ТРАДИЦИЯ. ДОГМАТ. ОБРЯД

И в четвертой заповеди — чти день субботний.” Итак, все, что вышло из рук Бога и все, что напоминает нам о Нем — достойно благодарения и почитания. И если человек творит себе памятные знаки, образы для того, чтобы свой ум чаще обращать к Единому Творцу — где же здесь язычество?

То же ли самое — Бог и те заповеди, которые Он дал Моисею? Нет. Но как же пророк Исаия восклицает — “И на закон Его буду уповать” (Ис. 42:4). Не язычник ли Исайя, раз уповает на Закон Божий, а не на Бога? А вот Давид признается — “как люблю закон Твой” (Пс. 118:97). Как же смеет он религиозно любить что-то, помимо Бога? И уж не нарушает ли заповедь “Богу одному поклоняйся” тот же Давид, когда говорит: “Поклонюсь святому храму Твоему” (Пс. 5:8)?
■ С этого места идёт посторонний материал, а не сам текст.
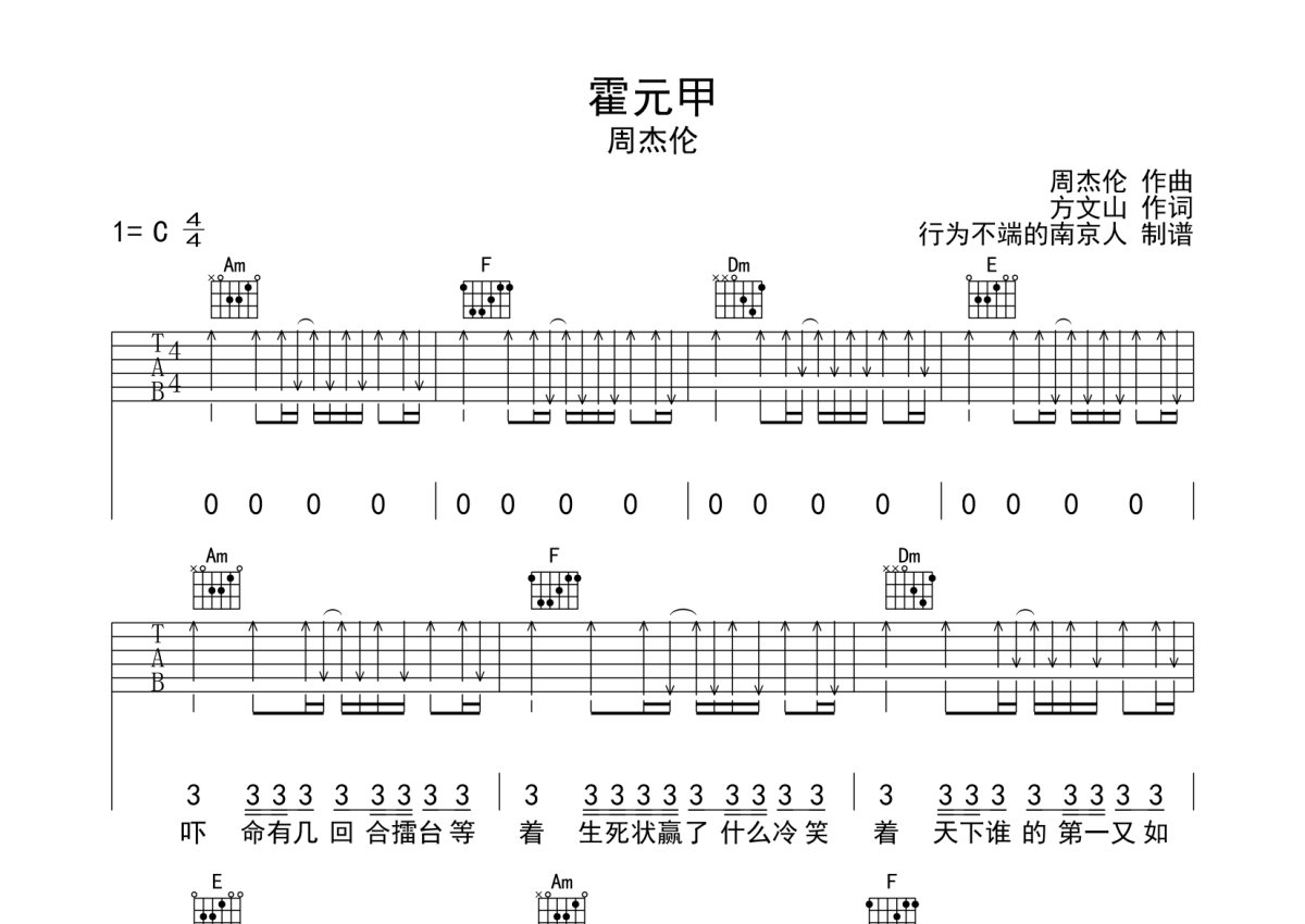周杰伦《霍元甲》吉他谱 - C调弹唱六线谱

Конечно, нет, ибо все, что напоминает о Боге, достойно благоговейного отношения. Свой образ благочестия нельзя навязывать другим — но и подозревать в других худшее без всякой попытки понять мотивы их действия является не чем иным как фарисейством. Можно быть христианином и жить по Евангелию, не имея живописных изображений (православные, молясь в лагерных бараках, где не было икон Христа, не переставали быть православными). Но с главной заповедью Евангелия — заповедью любви — трудно совместима практика обвинений других христиан в язычестве только за то, что они иным путем выражают свое благоговение перед тем же Единым Господом.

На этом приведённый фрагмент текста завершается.